Hanya, organisasi politiklah yang dibentuk dengan kontrak. Pemerintah sebagai
pimpinan organisasi dibentuk dan ditentukan oleh yang berdaulat dan merupakan
wakil-wakilnya. Yang berdaulat adalah rakyat seluruhnya melalui kemauan umumnya.
Negara atau badan korporalif kolektif yang dibentuk itu menyatakan kemauan
umumnya yang tidak dapat keliru atau salah, tetapi yang tidak senantiasa progresif.
Kemauan umum inilah yang mutlak berdaulat. Kemauan umum tidak selalu berarti
kemauan seluruh rakyat. Kadang-kadang terdapat perbedaan-perbedaan antara
kemauan umum dan kemauan seluruh rakyat. Kemauan umum selalu benar dan
ditujukan pada kebahagiaan bersama, sedangkan kemauan seluruh rakyat juga
memerhatikan kepentingan individual dan karena itu merupakan keseluruhan
kemauan-kemauan khusus tersebut.
Dengan memerhatikan gagasan Rousseau mengenai negara yang dibangun melalui
kontrak sosial atas dasar kehendak rakyat, dinamika terbentuknya negara mengalami
tahapan-tahapan teoritis.
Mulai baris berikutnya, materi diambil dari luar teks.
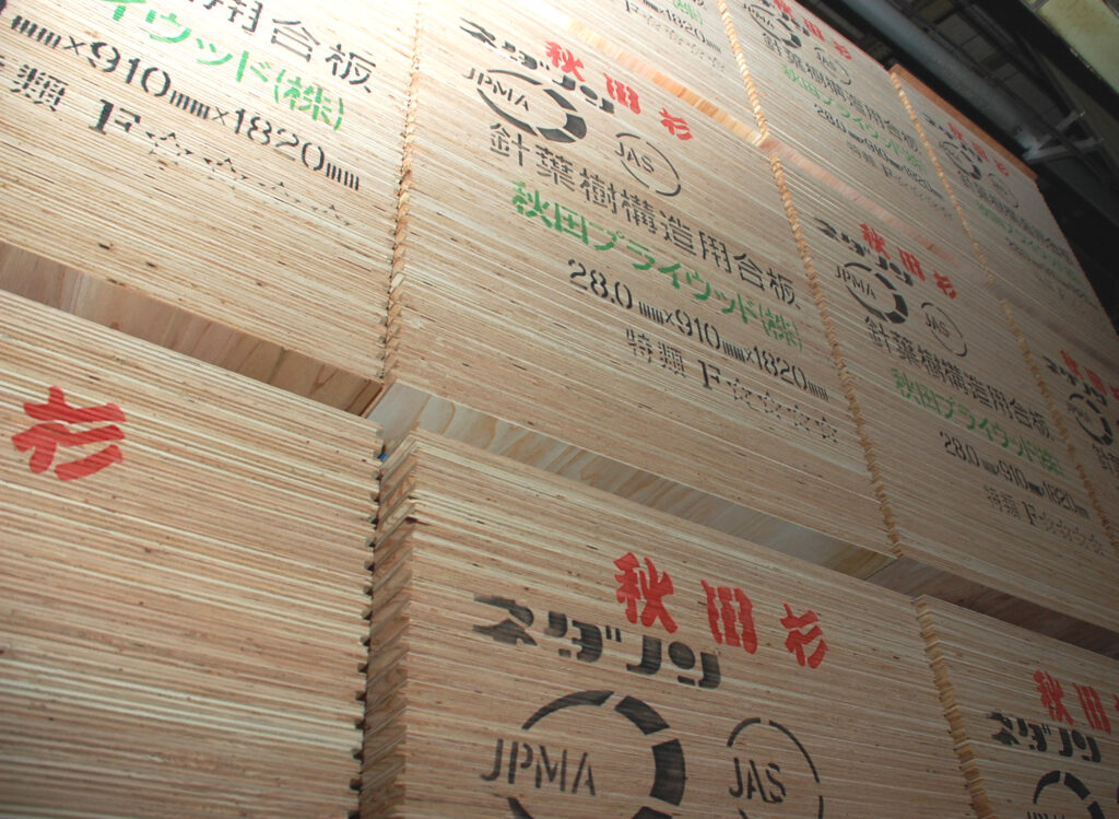 当初は、ロシア材で24mm厚の構造用合板を商品化し、ハウスメーカーなどからは好評を得ていたが、施工をする大工さん達からは「重すぎる」と言われていた。

Hobbes mempertegas bahwa terbentuknya negara berasal
dari kekuatan yang luar biasa dari manusia, yang akan dinobatkan sebagai raja dengan
kekuasaan absolut, sedangkan Locke dengan teori kontrak sosialnya membangun
pandangan bahwa negara diikat oleh perjanjian yang kuat dengan masyarakat untuk
menyelenggarakan pemerintahan secara konstitusional dan mengormati serta menjaga
hak-hak mendasar dari seluruh hak alamiah manusia yang paling fundamental, yaitu
HAM (Hak Asasi Manusia). Rousseau menjadi pelopor utama terbentuknya negara
demokratis yang diwujudkan oleh sistem perwakilan atas nama kepentingan rakyat.
Rakyat bergerak secara dinamis berbagai unsur dan kepentingan partai politik untuk
menempatkan orang-orang yang dipercayainya dapat mewakili kepentingan hidupnya.
Oleh karena itu, Rousseau memahami rakyat sebagai pemegang kedaulatan negara
dan negara hanya dapat ditegakkan oleh adanya sosial dan politik dengan rakyat.